## Exercise details
Below is a listing. Set down exactly the lines from the one containing "草原松鸡(学名:Tympan" through the one containing "女子向けラノベタイトル風あだ名 | 『えぐちあいとの雑貨屋さん』 |", both ends included, and leave out the rest.

## The records
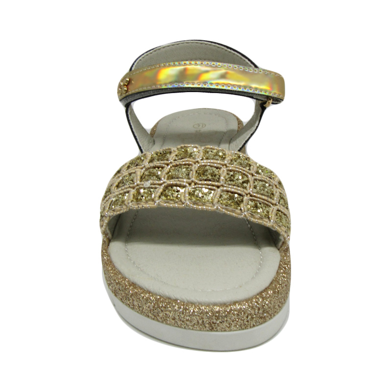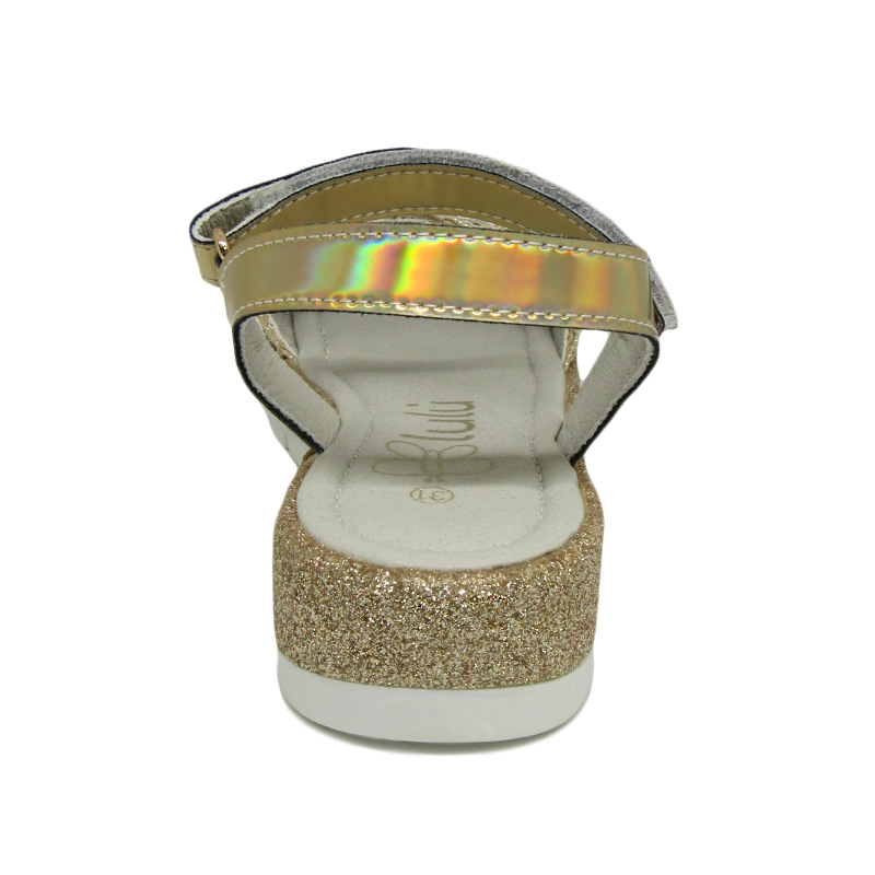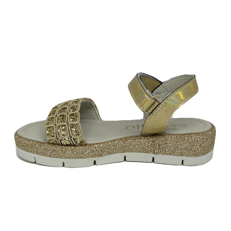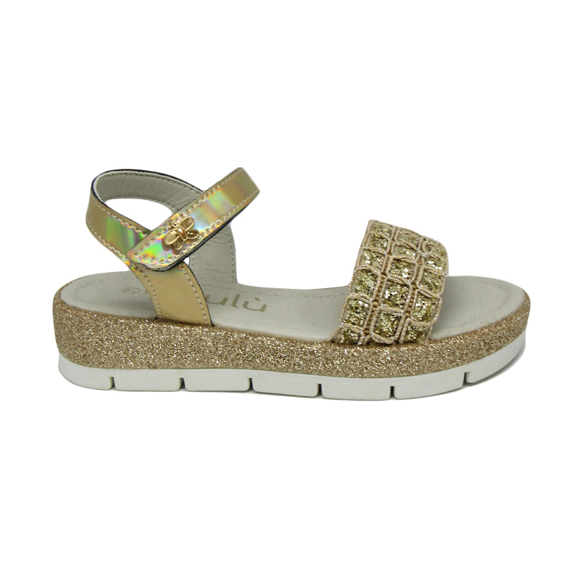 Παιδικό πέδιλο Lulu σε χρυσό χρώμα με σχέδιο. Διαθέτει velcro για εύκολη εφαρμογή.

...

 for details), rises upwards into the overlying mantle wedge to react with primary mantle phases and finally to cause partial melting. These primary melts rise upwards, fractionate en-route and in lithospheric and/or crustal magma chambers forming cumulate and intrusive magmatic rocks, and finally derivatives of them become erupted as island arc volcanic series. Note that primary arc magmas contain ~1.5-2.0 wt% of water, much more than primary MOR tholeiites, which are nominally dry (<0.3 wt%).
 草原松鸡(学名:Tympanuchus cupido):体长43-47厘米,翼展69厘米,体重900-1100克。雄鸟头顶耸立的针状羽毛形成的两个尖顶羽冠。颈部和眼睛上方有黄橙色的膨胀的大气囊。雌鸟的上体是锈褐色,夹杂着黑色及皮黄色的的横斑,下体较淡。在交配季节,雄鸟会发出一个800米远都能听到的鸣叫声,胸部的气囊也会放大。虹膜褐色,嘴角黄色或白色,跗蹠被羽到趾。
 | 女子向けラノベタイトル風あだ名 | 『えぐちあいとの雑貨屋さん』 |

...

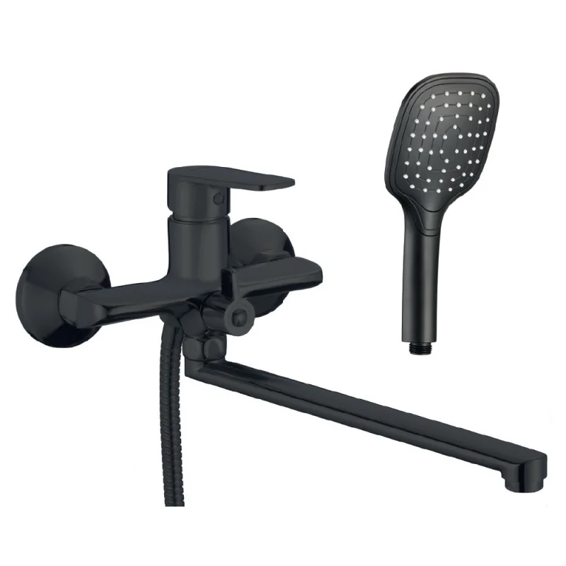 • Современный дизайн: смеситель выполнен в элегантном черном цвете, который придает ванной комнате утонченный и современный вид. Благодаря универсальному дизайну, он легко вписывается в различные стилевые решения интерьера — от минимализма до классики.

## Task result
 草原松鸡(学名:Tympanuchus cupido):体长43-47厘米,翼展69厘米,体重900-1100克。雄鸟头顶耸立的针状羽毛形成的两个尖顶羽冠。颈部和眼睛上方有黄橙色的膨胀的大气囊。雌鸟的上体是锈褐色,夹杂着黑色及皮黄色的的横斑,下体较淡。在交配季节,雄鸟会发出一个800米远都能听到的鸣叫声,胸部的气囊也会放大。虹膜褐色,嘴角黄色或白色,跗蹠被羽到趾。
 | 女子向けラノベタイトル風あだ名 | 『えぐちあいとの雑貨屋さん』 |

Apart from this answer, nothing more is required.